DATA BELOW
┄┄┄┄┄┄┄┄┄┄

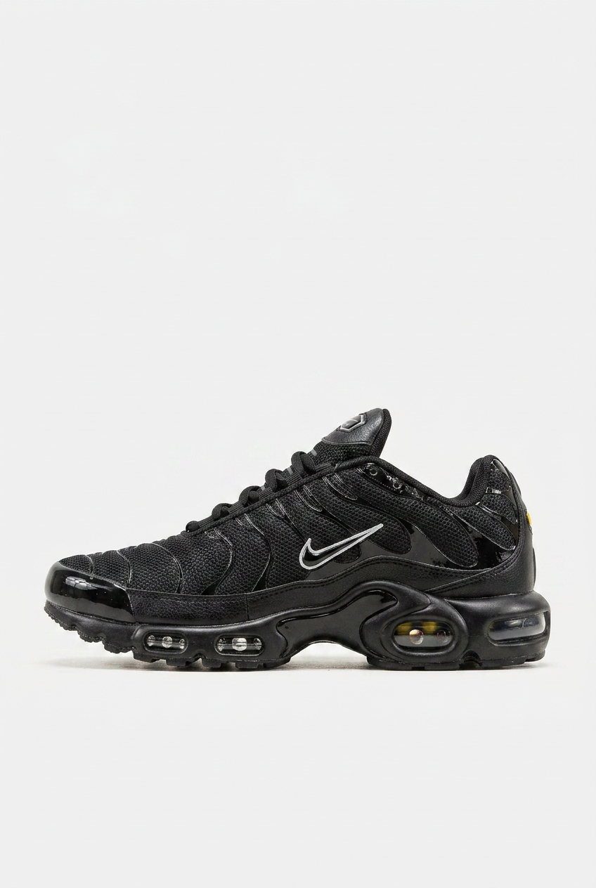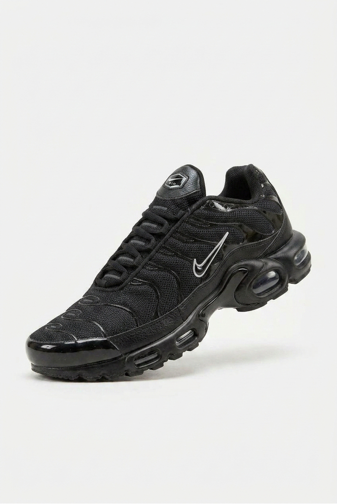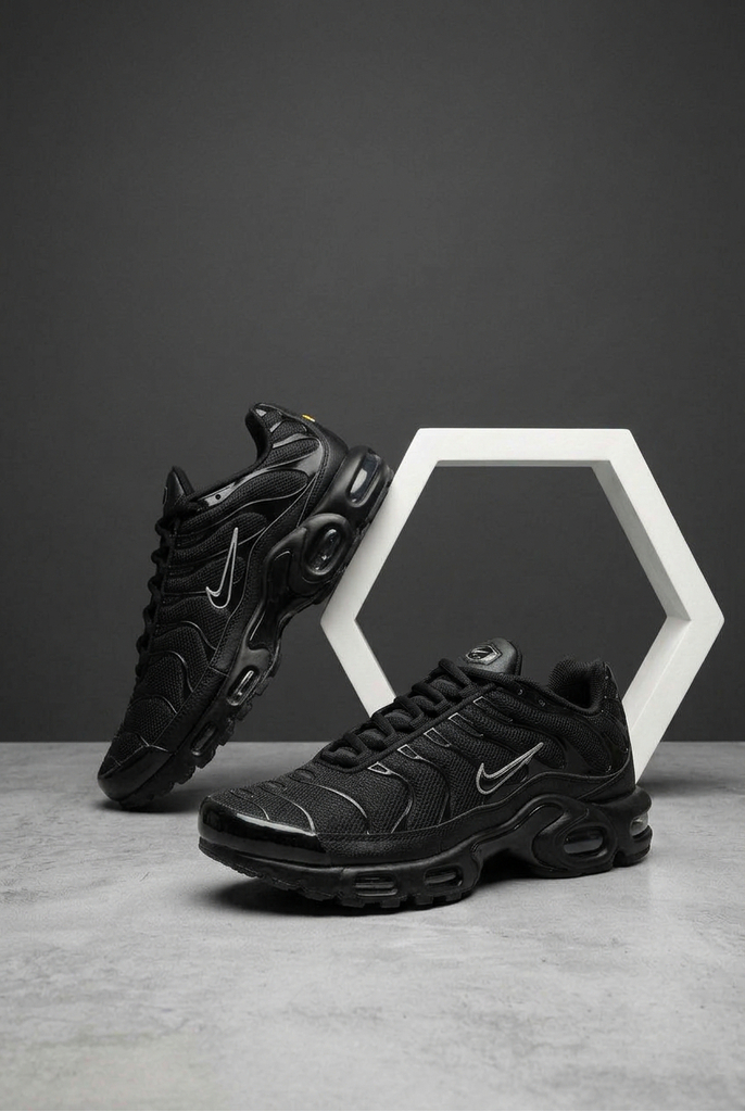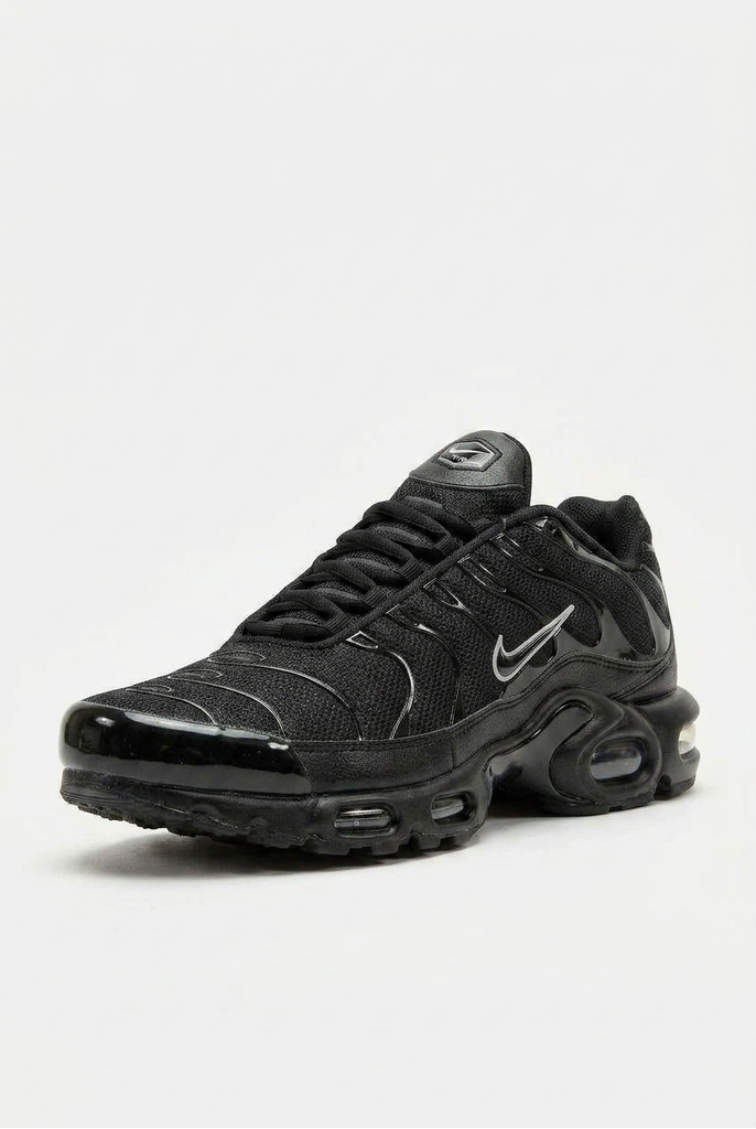 Кросівки Nike Air Max Plus у повністю чорному виконанні — це поєднання агресивного дизайну та сучасних технологій комфорту. Верх із сітки з хвилястими накладками створює динамічний вигляд і забезпечує хорошу вентиляцію.
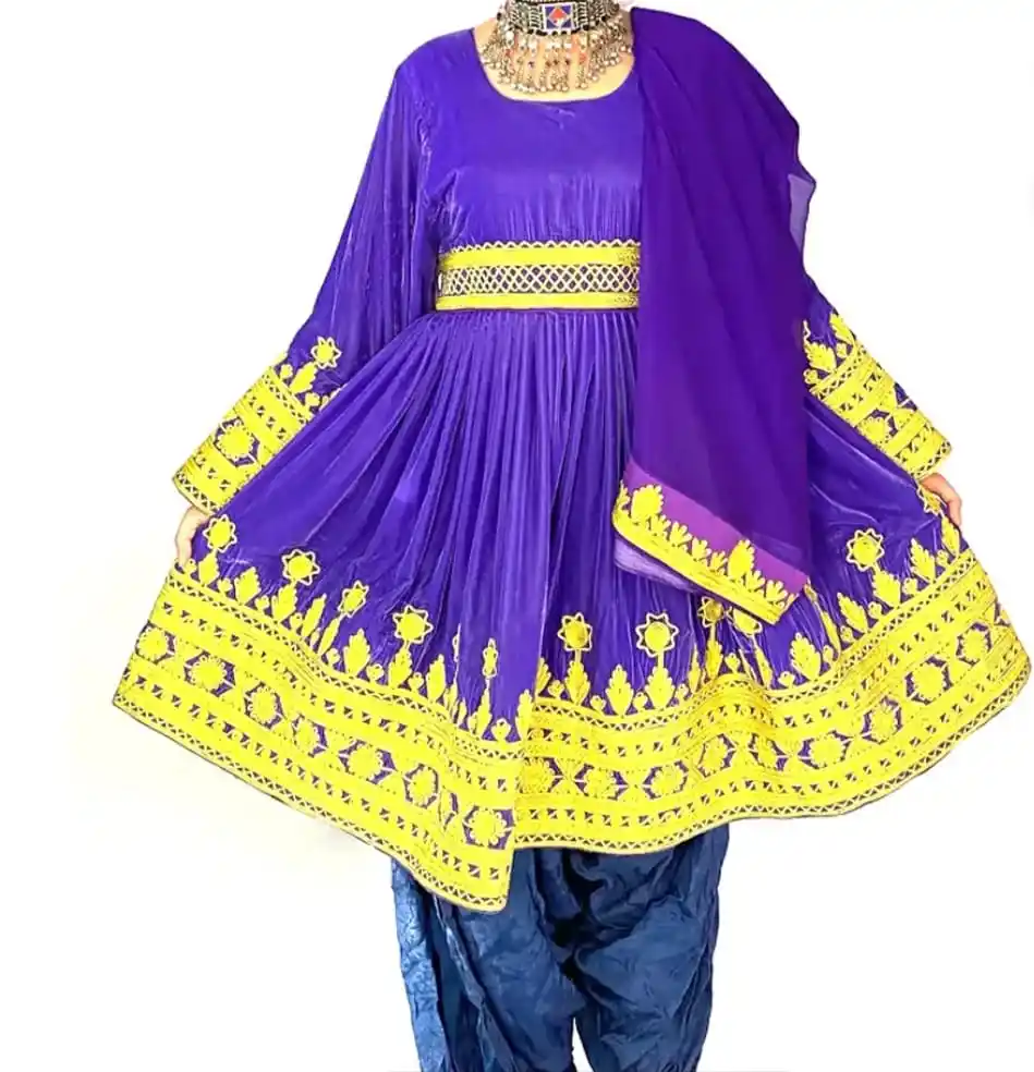2025 Plus Size Women's Traditional Afghan Dress Customizable Colors Silk Salwar Kameez-All Sizes and Low MOQ
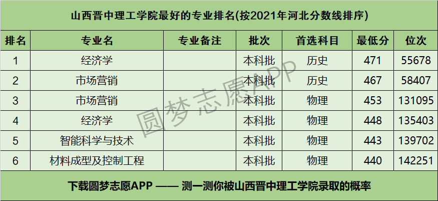 由于山西招生考试网目前还未公布2021年的专业分,所以本文将以山西晋中理工学院在河北2021年高考的录取情况为例,为大家展示山西晋中理工学院最好的专业排名。
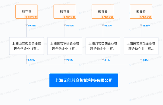 值得一提的是,熊乔乔也是无问芯穹的最大受益所有人,最终受益股份约27.487%。

┄┄┄┄┄┄┄┄┄┄

THE PROBLEM
For this copy, leave pictures out and reproduce the lines from the one bearing "由于山西招生考试网目前还未公" through the final line of the listing above, both ends included.

TASK RESPONSE
 由于山西招生考试网目前还未公布2021年的专业分,所以本文将以山西晋中理工学院在河北2021年高考的录取情况为例,为大家展示山西晋中理工学院最好的专业排名。
 值得一提的是,熊乔乔也是无问芯穹的最大受益所有人,最终受益股份约27.487%。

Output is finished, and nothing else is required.